Kims duale Strategie

Bessere Wirtschaft und mehr Atomwaffen

  • Olaf Standke
  • Lesedauer: 3 Min.

Die Sorge bei den Nachbarn war groß, der nordkoreanische Machthaber Kim Jong Un könnte den ersten Kongress seiner Arbeiterpartei seit 36 Jahren für eine erneute Demonstration vermeintlicher Stärke nutzen. Die südkoreanische Zeitung »Dong-a Ilbo« wusste zu berichten, dass ein weiterer, der dann fünfte Atomtest unmittelbar bevorstehe. Er fiel aus. Zumindest wurde BBC-Reporter Rupert Wingfield-Hayes wegen unerwünschter Berichterstattung festgesetzt und nach einem stundenlangen Verhör des Landes verwiesen. Und Pjöngjang bekräftigte den Willen zum Ausbau seiner nuklearen Arsenale. Die Atomstreitmacht des Landes, so der Parteitag, solle »in Qualität und Quantität« gestärkt werden, wie die staatliche Nachrichtenagentur KCNA am Montag berichtete.

Das Gremium folgte damit wenig überraschend dem ersten Mann im Staate. Parteivorsitzender Kim Jong Un hatte zuvor in einer Grundsatzrede die »strategische Line« bekräftigt, »den wirtschaftlichen Aufbau und die Schaffung einer Atomstreitmacht voranzutreiben«. Diese propagierte duale Entwicklung, die im neuen Fünfjahrplan ökonomisch vor allem auf die Verbesserung der schlechten Stromversorgung und eine existenziell notwendige Produktionssteigerung in Landwirtschaft und Leichtindustrie orientiert, wird in Pjöngjang als Byongjin-Politik bezeichnet.

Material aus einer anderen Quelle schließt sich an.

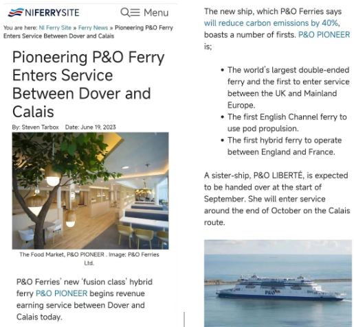 由于“P&O Pioneer”不必掉頭,每次航線將節(jié)省7分鐘的時間和近60%的燃料消耗,從而能在同樣的航行時間下降低航行速度、燃料消耗和排放?!癙&O Pioneer”的首航標志著英法航線進入了綠色低碳的新時代。

Zugleich beschloss der Parteitag die von Kim Jong Un vorgegebene Nukleardoktrin, Kernwaffen nur dann einzusetzen, wenn die Souveränität des Landes durch andere Atomwaffenstaaten bedroht werde. Das ist eine deutliche Veränderung der Tonlage, hatte man doch zuletzt mit atomaren Erstschlägen gegen die USA oder Südkorea gedroht.

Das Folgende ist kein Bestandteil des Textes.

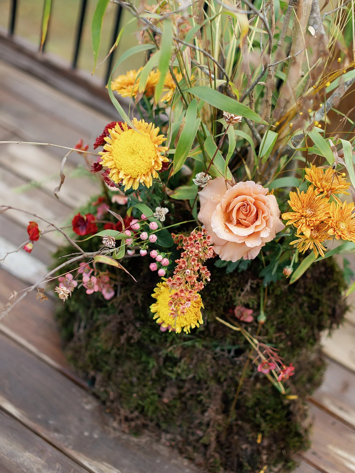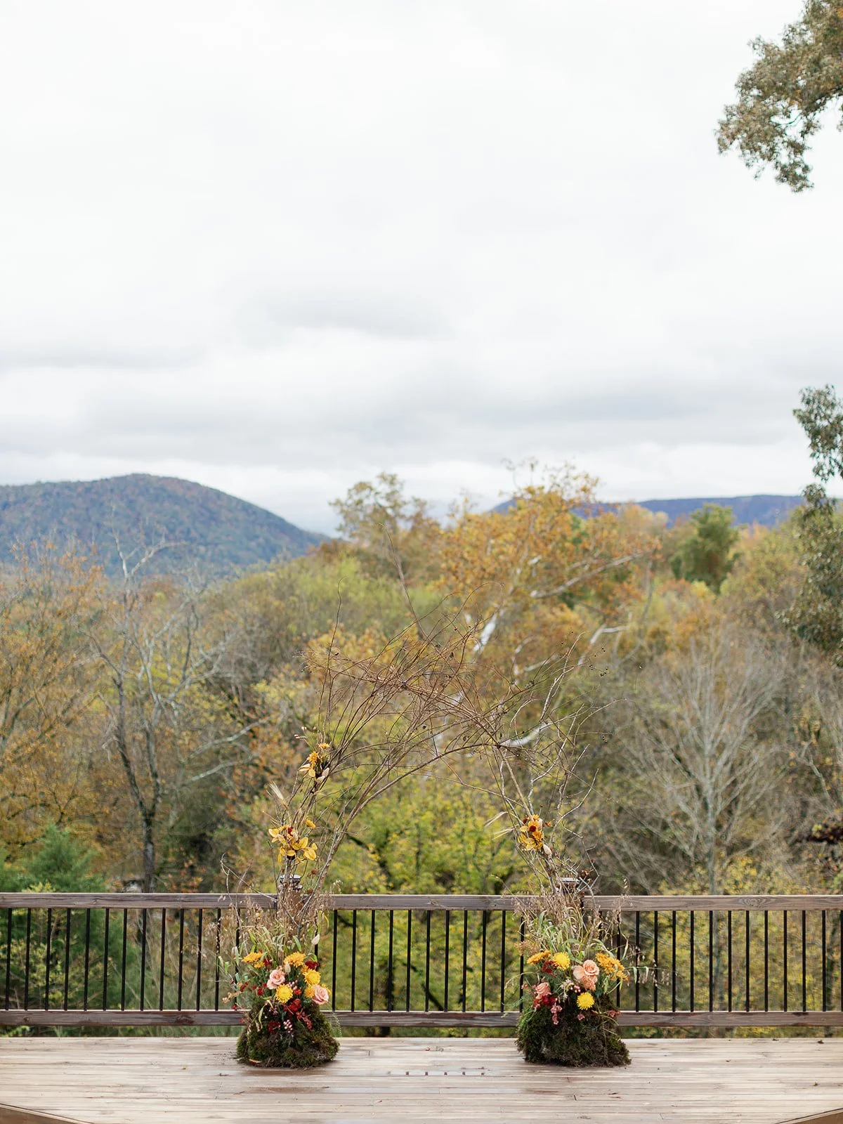 One of the most special elements of the day was the ceremony arch, lovingly handcrafted by family friends of the bride and groom. Made from natural twigs and branches, it perfectly complemented the mountain setting and fall florals. At the base, arrangements of warm-toned blooms and greenery grounded the design with texture and color.

Das Zentralkomitee legte bereits 2013 fest, dass der Besitz von Kernwaffen gesetzlich verankert werden müsse. In seiner Verfassung bezeichnet sich das Land nunmehr als »Atommacht« - was Südkorea, wie die Regierung in Seoul ihrerseits am Wochenende bekräftigte, nicht anerkennen werde. Pjöngjang argumentiert, es brauche die Atomwaffen, um sich gegen Bedrohungen durch die USA zu schützen. Zuletzt sorgten die jährlichen Frühjahrsmanöver in Südkorea unter Teilnahme von 17 000 US-Soldaten - so viele wie noch nie - für massiven Unmut.

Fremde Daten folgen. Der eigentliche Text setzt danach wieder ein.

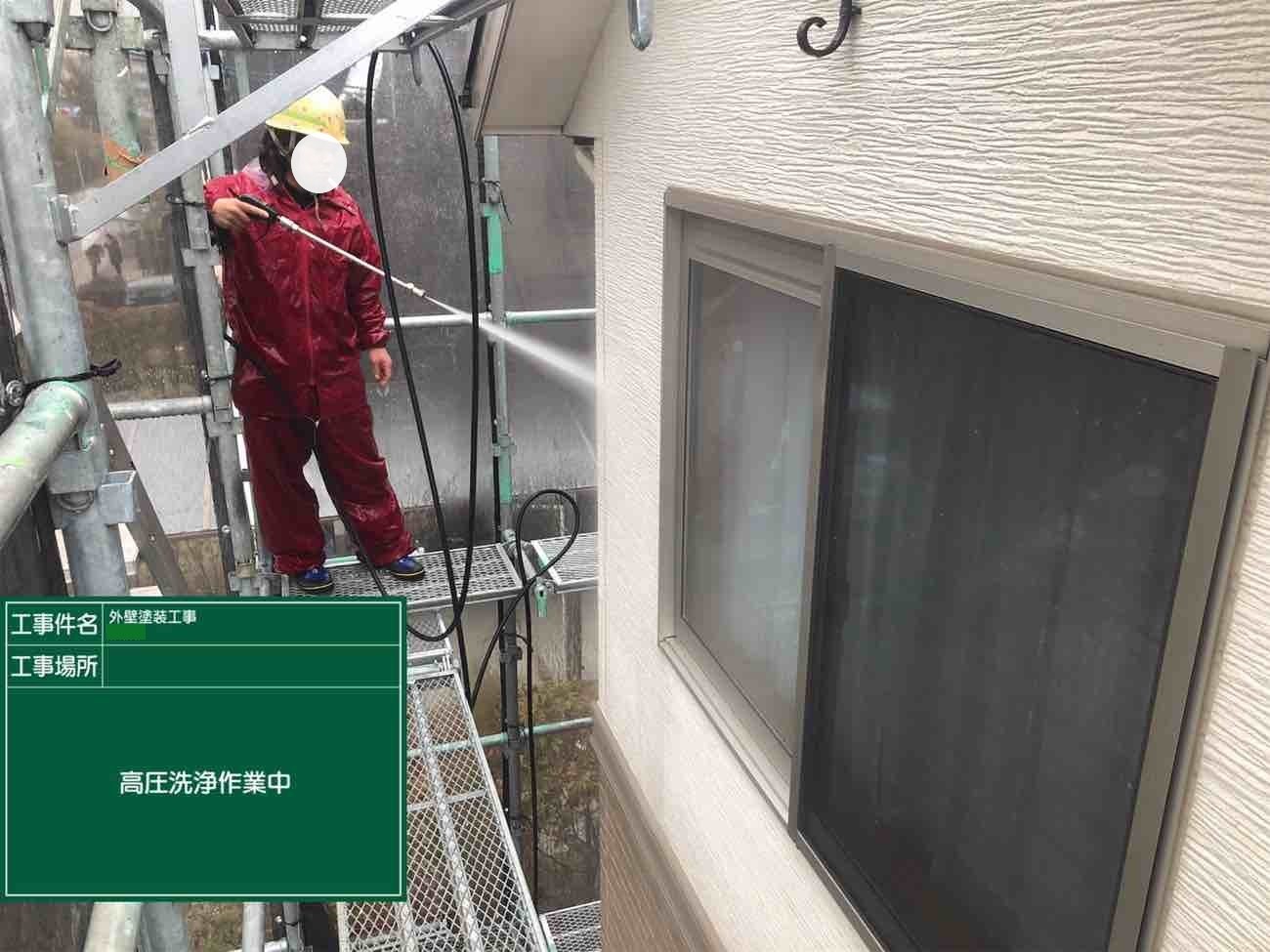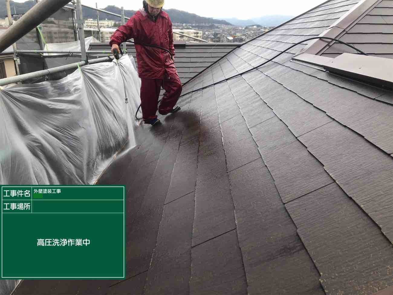 高圧洗浄機を使用し屋根の汚れを綺麗にしてから塗装作業に移ります。

Das renommierte Stockholmer Friedensforschungsinstitut SIPRI geht davon aus, dass Pjöngjang inzwischen über sechs bis acht nukleare Sprengköpfe verfügt. Mehrere Raketentests zeigen, dass zudem zielstrebig an den notwendigen Trägersystemen gearbeitet wird. Die bisherigen Atomtests haben zu scharfen Sanktionen durch den UN-Sicherheitsrat und Washington geführt. Gleichzeitig aber verweigern eine Reihe von Staaten nach wie vor die Ratifizierung des Atomteststoppvertrages, dem sich nicht nur Nordkorea verweigert, sondern auch China, Indien, Pakistan, Israel, Iran, Ägypten - und die USA. Die Vereinten Nationen drängten nachdrücklich auf einen weltweiten und vertraglich gesicherten Verzicht auf Atomtests, so UN-Generalsekretär Ban Ki Moon. Ohne kann auch die vor 20 Jahren vereinbarte UN-Behörde zur Überwachung des internationalen Kernwaffenteststopp-Abkommens (CTBTO) ihre Arbeit nicht offiziell aufnehmen.